6.3. Investment Property.
(a) Unless an Event of Default shall have occurred and be
continuing and the Agent shall have given notice to the relevant Grantor of the
Agent's intent to exercise its corresponding rights pursuant to Section 6.3(b),
each Grantor shall be permitted to receive all cash dividends and distributions
paid in respect of the Pledged Equity and all payments made in respect of the
Pledged Notes, to the extent permitted in the Credit Agreement, and to exercise
all voting and other rights with respect to the Investment Property; provided,
that no vote shall be cast or other right exercised or action taken which would
reasonably be expected to impair the Collateral or which would be inconsistent
with or result in any violation of any provision of the Credit Agreement, this
Agreement or any other Loan Document.
(b) If an Event of Default shall occur and be continuing and
the Agent shall give notice of its intent to exercise such rights to the
relevant Grantor or Grantors, (i) the Agent shall have the right to receive any
and all cash dividends and distributions, payments or other Proceeds paid in
respect of the Investment Property and make application thereof to the
Obligations in such order as the Agent may
determine, and (ii) any or all of the Investment Property shall be registered in
the name of the Agent or its nominee, and the Agent or its nominee may
thereafter exercise (x) all voting and other rights pertaining to such
Investment Property at any meeting of holders of the equity interests of the
relevant Issuer or Issuers or otherwise and (y) any and all rights of
conversion, exchange and subscription and any other rights, privileges or
options pertaining to such Investment Property as if it were the absolute owner
thereof (including the right to exchange at its discretion any and all of the
Investment Property upon the merger, consolidation, reorganization,
recapitalization or other fundamental change in the corporate or other structure
of any Issuer, or upon the exercise by any Grantor or the Agent of any right,
privilege or option pertaining to such Investment Property, and in connection
therewith, the right to deposit and deliver any and all of the Investment
Property with any committee, depositary, transfer agent, registrar or other
designated agency upon such terms and conditions as the Agent may determine),
all without liability except to account for property actually received by it,
but the Agent shall have no duty to any Grantor to exercise any such right,
privilege or option and shall not be responsible for any failure to do so or
delay in so doing.
(c) Each Grantor hereby authorizes and instructs each Issuer
of any Investment Property pledged by such Grantor hereunder to (i) comply with
any instruction received by it from the Agent in writing that (x) states that an
Event of Default has occurred and is continuing and (y) is otherwise in
accordance with the terms of this Agreement, without any other or further
instructions from such Grantor, and each Grantor agrees that each Issuer shall
be fully protected in so complying and (ii) during the existence of an Event of
Default, pay any dividends, distributions or other payments with respect to the
Investment Property directly to the Agent.

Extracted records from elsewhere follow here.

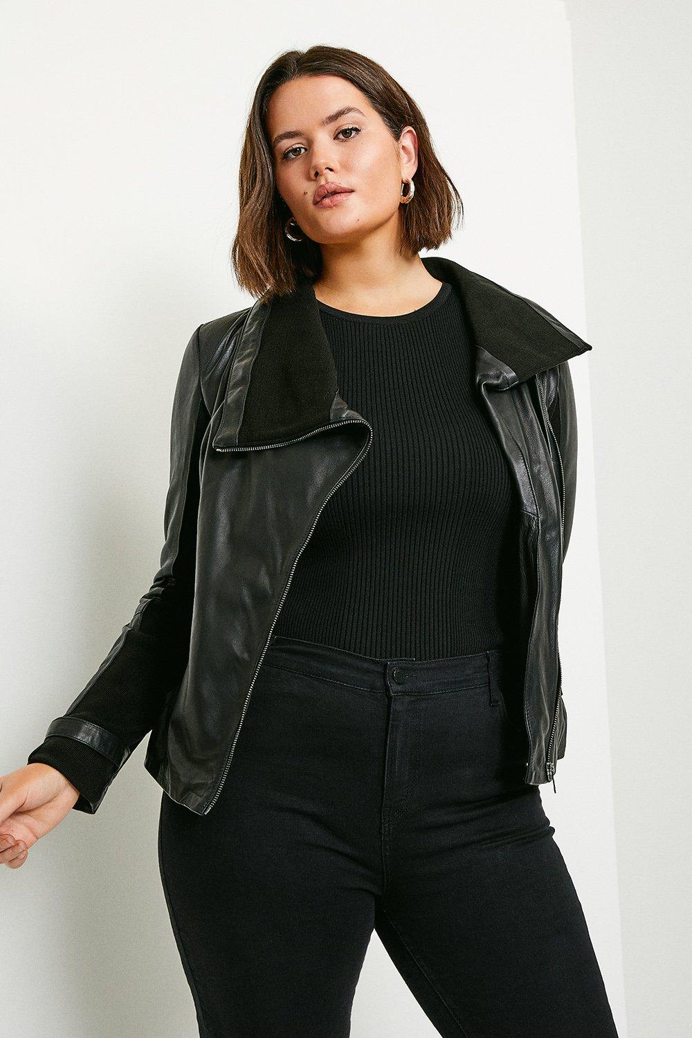 Curve Leather and Knit Envelope Neck Biker Jacket Karen Millen Very well made.
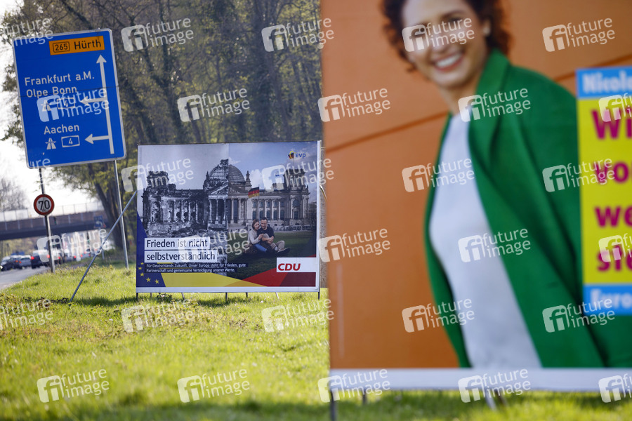 Wahlplakate der CDU / evp und der FDP mit ihrer Kandidatin Nicola Beer zur Europawahl auf einer Wiese in Klettenberg. Köln, 15.04.2019
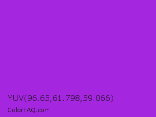 YUV 96.65,61.798,59.066 Color is a normal purple color and the nearest color is Veronica #a020f0. Hex code #a426de and RGB value is rgb(164,38,222). In RGB color space, this color is composed of 64% red, 15% green, 87% blue, In CMYK color space, this color is composed of 26% cyan, 83% magenta, 0% yellow , 13% black , In HSL color space, this color has a hue angle of 281° , 74% saturation and 51% lightness.
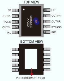 IU8565E是一款雙橋音頻功率放大器芯片,采用5.6V電源供電;在THD+N等于10%情況下,能為一個(gè)4Ω 的負(fù)載提供2x4W的連續(xù)功率。此外,當(dāng)接立體耳機(jī)時(shí),芯片可以單端工作模式驅(qū)動(dòng)立體耳機(jī)。IU8565E雙通道音頻功率放大器是為需要輸出高質(zhì)量音頻功率的系統(tǒng)設(shè)計(jì)的,它采用表面貼裝技術(shù),只需少量的外圍器件,便使系統(tǒng)具備高質(zhì)量的音頻輸出功率。IU8565E采用雙通道設(shè)計(jì)使芯片具有了橋式聯(lián)接揚(yáng)聲器放大和單終端立體耳機(jī)放大兩種工作模式,簡化了音頻系統(tǒng)的外圍電路設(shè)計(jì)。IU8565E內(nèi)置了低功耗待機(jī)電路和過熱保護(hù)電路,同時(shí)內(nèi)置了雜音消除電路,可以消除芯片啟動(dòng)和關(guān)斷過程中的咔嗒聲或噼噗聲。為了能夠使得系統(tǒng)能夠更易于通過EMI檢測 ,IU8565E采用專有的AERC((Adaptive Edge Rate Control)技術(shù)和擴(kuò)頻技術(shù),在音頻全帶寬范圍內(nèi)極大地降低了EMI的干擾.
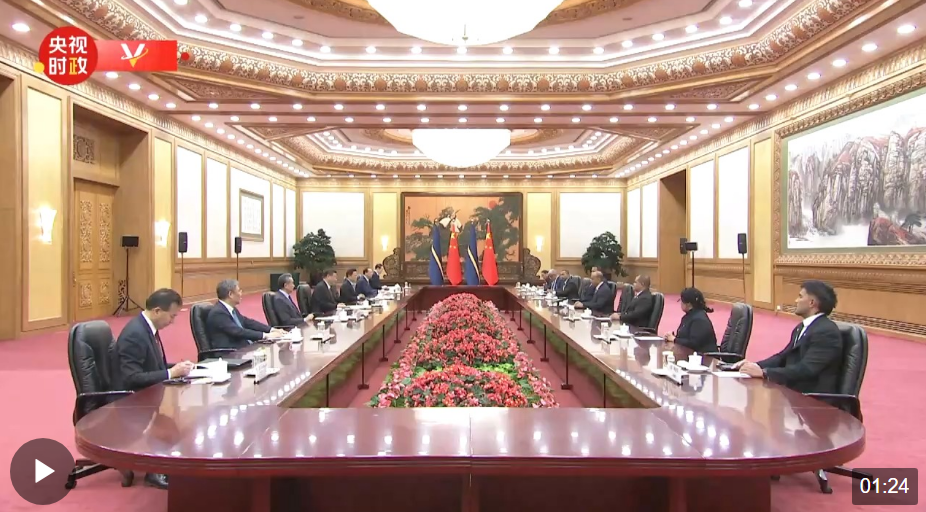 习近平说,欢迎你对中国进行国事访问。今年1月,瑙鲁作出坚持一个中国原则、同中国复交的政治决断。这是符合历史大势、顺应时代潮流之举。我们是第一次见面,但我对太平洋岛国并不陌生,曾3次到访过这个地区。我们在南太有很多老朋友,现在又有了你这位新朋友,我感到很高兴。
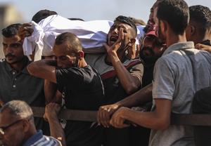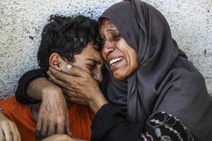 (250807) -- GAZA, 7 agosto, 2025 (Xinhua) -- Imagen del 6 de agosto de 2025 de palestinos lamentándose por una...
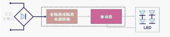 led 的排列方式及LED光源的規(guī)范決定著基本的驅(qū)動器 要求。LED 驅(qū)動器的主要功能就是在一定的工作條件范圍下限制流過LED 的電流, 而無論輸入及輸出電壓如何變化。LED驅(qū)動器基本的工作電路示意圖如圖4所示,其中所謂的“隔離”表示交流線路電壓與LED(即輸入與輸出)之間沒有物理 上的電氣連接,最常用的是采用變壓器來電氣隔離,而“非隔離”則沒有采用高頻變壓器來電氣隔離。
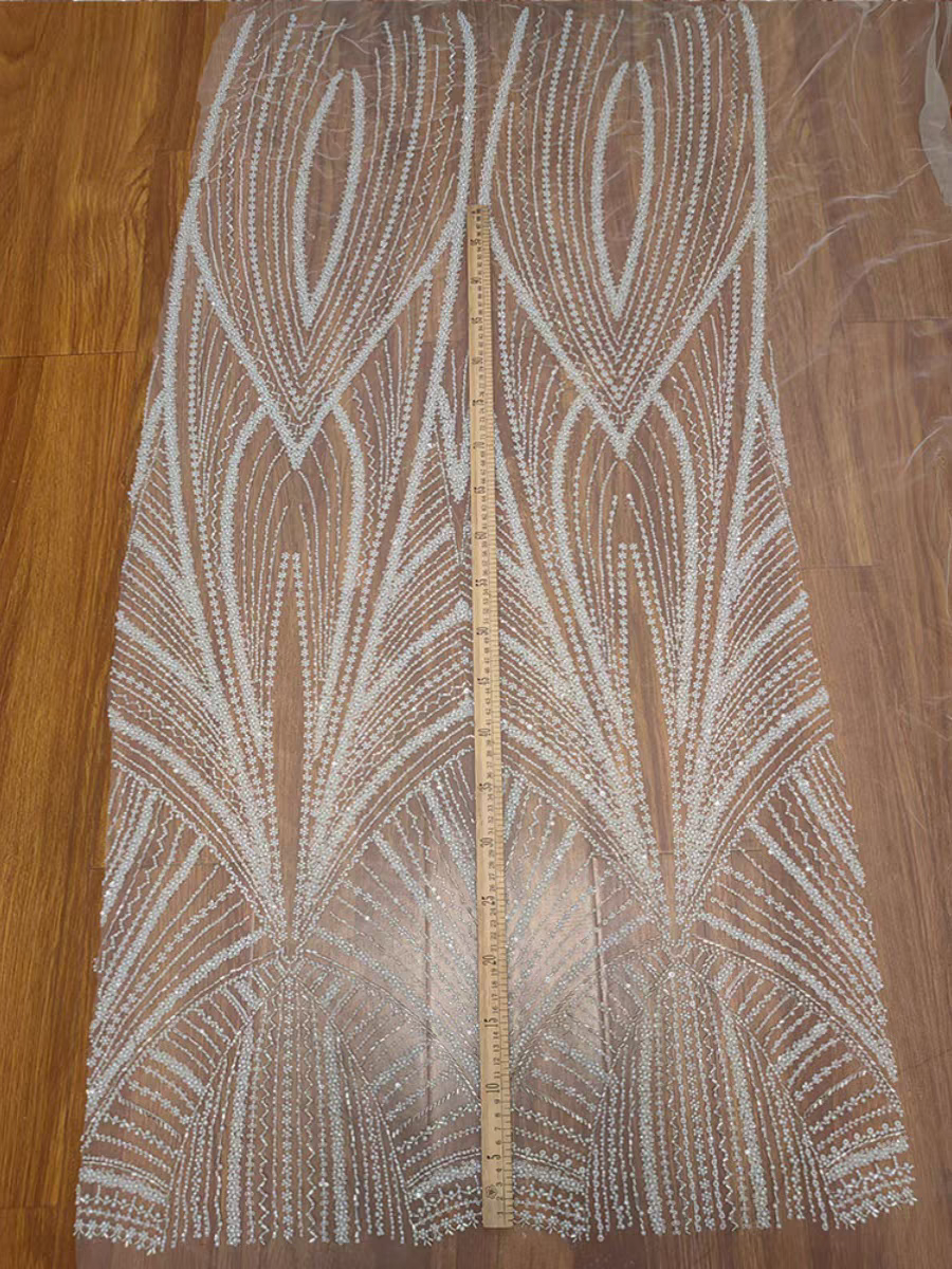 Heavy industry full white beaded lace wedding dress accessories clothing dress lace DIY handmade decorative fabric
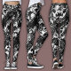 Leggings preto e branco com um padrão intrincado de redemoinho de alto contraste que combina a elegância clássica do damasco com a estética linear moderna.
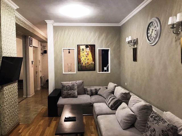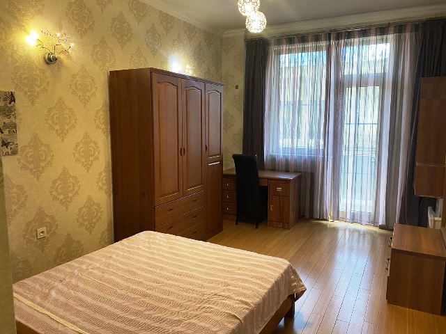 4-roomed 130 sq.m. apartment for rent in Saburtalo, on Kostava str, in new building, on the 3rd floor, new renovated, with central heating, air-conditioner, furniture, technique, internet, balcony
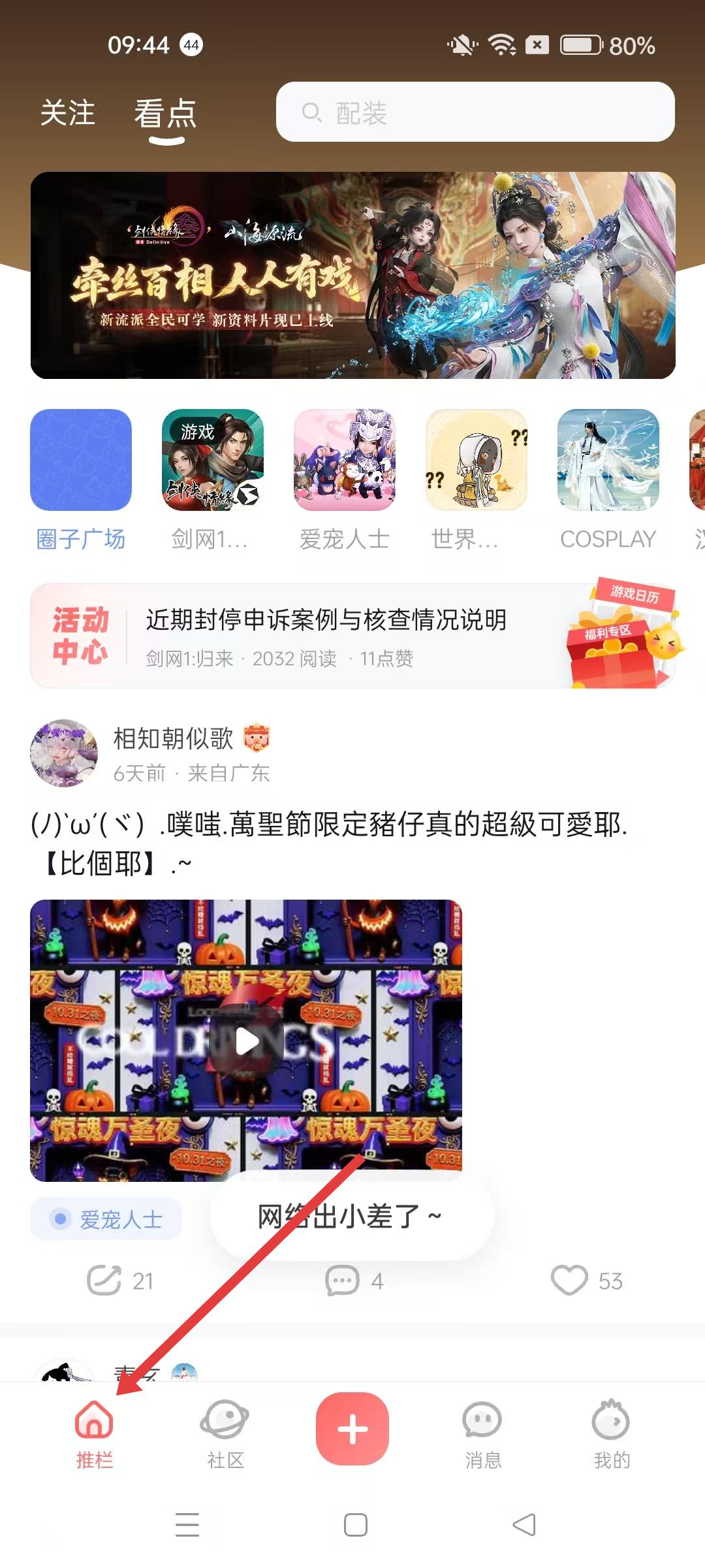 4、進入推欄頁面,可查看關注、看點等板塊,瀏覽圈子廣場、游戲資訊和用戶動態,獲取游戲相關內容。
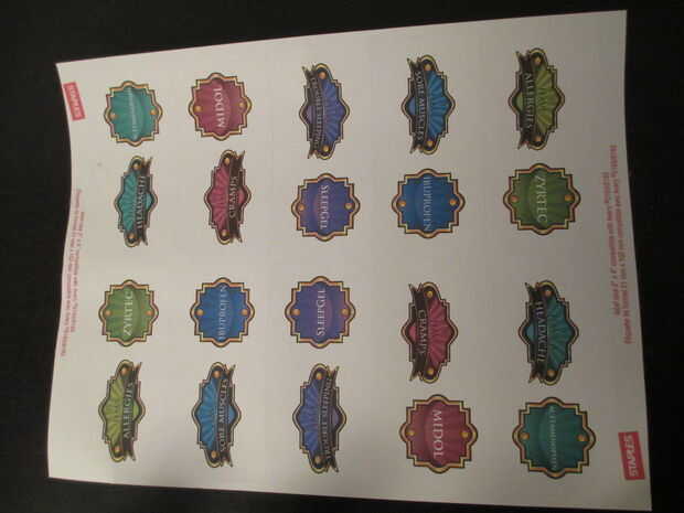 2. imprimir las etiquetas. Doblado la plantilla así que imprimiría dos copias de cada etiqueta, en caso de en mal estado (que no lo hice!).
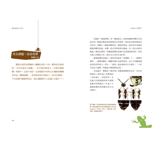 現在知道了吧?正常的昆蟲看到雌雄嵌體昆蟲時,不會像我們看到人妖一樣驚豔,而是會怒斥「嚇死人啦!」但是,邪惡的人類偏偏要以科學的名義製造出這種怪物。比如他們利用某些突變誘導因子,例如控制溫度等,就可以誘發果蠅變成雌雄嵌體。很多蝶商就用類似的方法製造出「陰陽蝶」,然後做成標本出售。
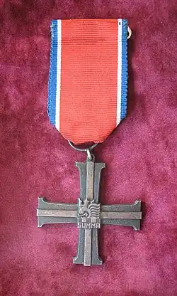 The Memorial Crosses (Muistoristi) are Finnish specific service medals of the Second World War, i.e. Winter War, Continuation War and Lapland War.[1] They are official awards of Finland and shall be worn after the other official awards in chronological order, however preceding later campaign medals (e.g. different United Nations Medals) and other generic awards for patriotic duty.[2]

6.4. Proceeds to be Turned Over To Agent. In addition to the rights of
the Agent and the Lenders specified in Section 6.1 with respect to payments of
Receivables, if an Event of Default shall occur and be continuing, all Proceeds
received by any Grantor consisting of cash, checks and other cash equivalent
items shall be held by such Grantor in trust for the Agent and the Lenders,
segregated from other funds of such Grantor, and shall, forthwith upon receipt
by such Grantor, be turned over to the Agent in the exact form received by such
Grantor (duly indorsed by such Grantor to the Agent, if required). All Proceeds
received by the Agent hereunder shall be held by the Agent in a collateral
account maintained under its sole dominion and control. All Proceeds, while held
by the Agent in any collateral account (or by such Grantor in trust for the
Agent and the Lenders) established pursuant hereto, shall continue to be held as
collateral security for the Secured Obligations and shall not constitute payment
thereof until applied as provided in Section 6.5.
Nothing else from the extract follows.